The Everchanging Museum

I started my internship at the Satellite Gallery just a week after Peter Morin’s Museum took up residence in the gallery space. I saw the show change, performance after performance, evolving even after the closing ceremony this past Wednesday, June 29th.

The initial set-up, which was in the space from April 20th until April 29th, was one that resembled a traditional museum, with cases full of Tahltan artifacts lining the walls and reading material available (with a desk and chair, no less). The space felt full and inviting, yet posed more questions than it answered, leaving spectators with the sense that there was something missing.

This feeling soon passed with the first set of changes to the space, which brought with them a tea party and performance by the artist. Peter created labels that went with the objects in the museum, further acknowledging his curatorial role – the labels provided context in the way that traditional museum labels do, but differed from classical labels due to the writing’s emotional imagery. These labels illuminated visitors as to Peter’s history and gave insight into his curatorial choices, and the poetic language served as a connection between spectator and artist, artist and object.

Peter prepared for the tea party by placing teacups (artifacts from the museum) underneath the projection of a knife sheath, filling the cups with Tahltan knowledge. Peter put feathers in the space, some hanging from the ceiling and some intertwined with objects, and further unveiled knowledge by unwrapping certain photographs from the wall of portraits, an act that would continue until the second performance. During the tea party Peter spoke about Tahltan culture, putting on the role of teacher to a group of people eager to learn. He wrote the history of the Tahltan people on the blackboard, but before it had time to settle and become engrained in the memory of those coming into the space, Peter roughly erased it, showing once more that gaining Tahltan knowledge was not a task to take on lightly – Tahltan knowledge came with time and persistence.

After the performance was over, the evolution of the space continued. Each day, we put up one printed fish and unveiled one portrait, letting the fabric that had once wrapped it fall to the floor, leaving an imprint of what was once hidden.

The second performance, on May 29th, was also a book launch for the catalogue of the show, and included a lecture by Peter’s mother. It was fitting that the catalogue, which depended so much on stories – How Crow Got the Sun, Moon, Daylight and Peter’s notes in particular – was handed out to visitors during a performance that dealt primarily with family history and storytelling. It created a juxtaposition between written and oral history; one was preserved in the way that exhibition and museum catalogues are – with notes and citations – while one was ephemeral, preserved in our memories but gone after the moment passed.

After the second performance, the sense of fullness that was provided from the objects dwindled; the cedar table, once prominent in the space, now leaned against the wall, and the photographs covered a blanket on the floor.

A flood of the printed fishes began to take over the space, creating connections between the objects and flowing over and around them, representing the Tahltan River. These fish filled in the gaps where objects had once been, and made the space feel full again.

The final performance, which took place this past Wednesday June 29th, was one that involved a complete intervention of the museum space.
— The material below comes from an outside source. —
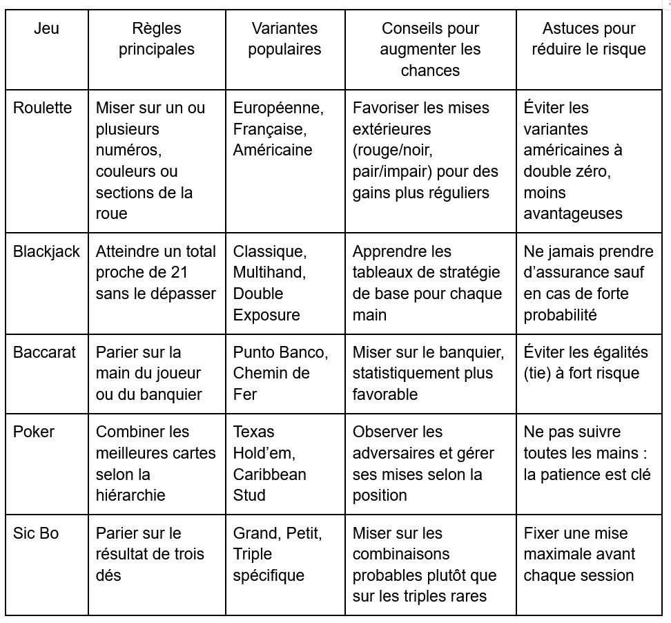 Les Jeux de casino proposés sur 1win, tels que la roulette, le blackjack ou le baccarat, disposent chacun de leurs spécificités. Savoir quand miser, quand s’arrêter et quelle variante choisir fait souvent la différence entre un joueur occasionnel et un connaisseur averti. Le tableau ci-dessous présente un aperçu des principales pratiques et conseils à suivre pour maîtriser les classiques du casino :

Peter removed the glass lids from the cases and left them open, the smell of hide filling the room. He put up an even larger tent, placing the original button blanket one within it before cutting it down. The tent that remained was completely transparent. The sound of Tahltan language tapes surrounded visitors, mixing with the music provided by DJ Darwin Frost. The space was overwhelmingly full as Peter’s cousin washed the blackboard, letting viewers learn about Tahltan culture by witnessing it in action, as opposed to reading about it.

The next day, as we went about cleaning the space, we felt a profound sense of loss as Peter put away most of what had been previously displayed in the museum. He darkened the gallery, flashed a light on a tin cube, and proceeded to walk slowly around the room, shedding light on Tahltan culture. It was a performance for the gallery employees, those of us who had seen the space change – sometimes drastically and sometimes minutely – over the past two and a half months.

It is rare to have an exhibition that is so ever changing, one that feels different, new, and illuminating each time you see it, and we will be very sad to see it go.

-By Marcela Huerta

Peter Morin’s Museum will be displayed until July 3rd.